The problem was that a new theater wasn’t on the University’s wish list of building programs in the 1990s. So Berlind spearheaded a campaign to change the University’s mind. “I gather football games were particularly useful,” says Cadden, remembering how then-president Harold Shapiro *64 “caved after Roger, who was sitting by him at football games, kept yelling, ‘How’s the theater?’” Still, it took four or five more years “after it was green-lighted” to complete the Berlind Theatre. The result, a handsome red brick extension to McCarter’s imposing exterior, with its own entrance prominently located across from the train station, has proved extremely successful. Inside is a 350-seat theater, along with several capacious rehearsal rooms. Just as Cadden predicted, not only has it enriched McCarter’s offerings by allowing different work to be produced, it has raised the visibility of Princeton’s drama and dance offerings. “What’s unusual is having students write and direct plays in an absolutely state-of-the-art theater,” says Cadden. Berlind couldn’t be happier with the students’ involvement. “Get ’em when they’re young,” he says. “That’s what’s important.”

 

It is a pleasant fall evening, and Berlind is relaxing on the terrace of the airy, light-filled apartment in Manhattan he shares with his wife of 26 years, the former Brook Wheeler (“the toughest critic I know,” he says). Here, surrounded by books and a formidable collection of modern art, Berlind seems both expansive and optimistic. There have been times over the years, he acknowledges, when he was deeply worried about the future of theater in the United States. “About 10 years ago I thought the world was coming to an end,” he says. “The economy was an important element in that. But right now I’m very positive. There’s been a terrific period of growth that has benefited theater attendance. Production and operating costs have gone up, but so have ticket prices. And it hasn’t inhibited traffic; more people are going to the theater, and there’s a real hunger for serious work off- and off-off-Broadway.”
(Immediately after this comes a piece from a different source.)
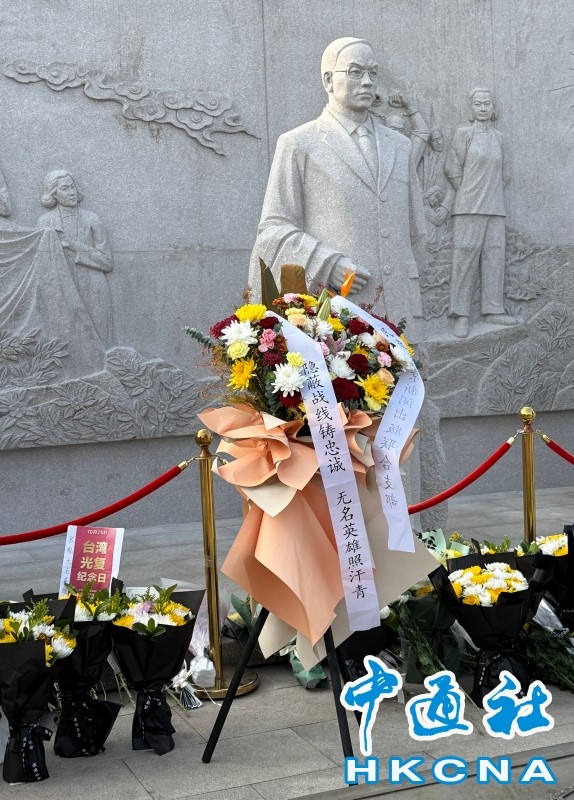 10月25日,北京西山無名英雄紀念廣場。吳石將軍塑像前,簇簇鮮花間,插有一張印著“10月25日台灣光復紀念日”的卡片。許多民眾選擇這一特殊的日子前來憑悼。 香港中通社圖片

Berlind also sees lots of opportunity for new producers. “Even if a play doesn’t work on Broadway, it can do well in an afterlife,” he says. “Passion, for example” — the Sondheim musical — “was not successful on Broadway. But it has been produced in half a dozen different locations, both in an opera house and in theaters. And Hollywood is looking for material to develop. Writers are thrilled with this second life in stock and amateur productions and possible movies.”

Ask Berlind about what lies next for him, and he leans forward and gestures animatedly as he speaks. He’s going to be involved with Faith Healer, a revival of the Brian Friel play, with Ralph Fiennes as the lead. There’s an upcoming Virginia Woolf production in London. And then there’s Curtains, a new musical that Berlind is producing jointly with the Center Theatre in Los Angeles that will open on Broadway by the spring of 2007. “It’s a backstage murder-mystery musical comedy that makes fun of the genre,” he says. “It’s about a troupe doing an out-of-town tryout in Boston. The show they’re putting on is terrible. The first murder is at the curtain call on opening night, and the dead bodies start multiplying. And there’s the funniest detective ever. From start to finish, the whole thing is hysterical.”

A murder-mystery musical comedy spoof, built upon a terrible play-within-a-play? It may sound tricky to pull off, but don’t bet against Berlind just yet. After all, the last Broadway show answering to that description — a musical comedy send-up, based on a terrible show-within-a-show — was none other than The Producers. And the rest, as they say, is box-office history. end of article

Annalyn Swan ’73 is the former senior arts editor of Newsweek. She is the author, with Mark Stevens ’73, of the Pulitzer Prize-winning biography de Kooning: An American Master.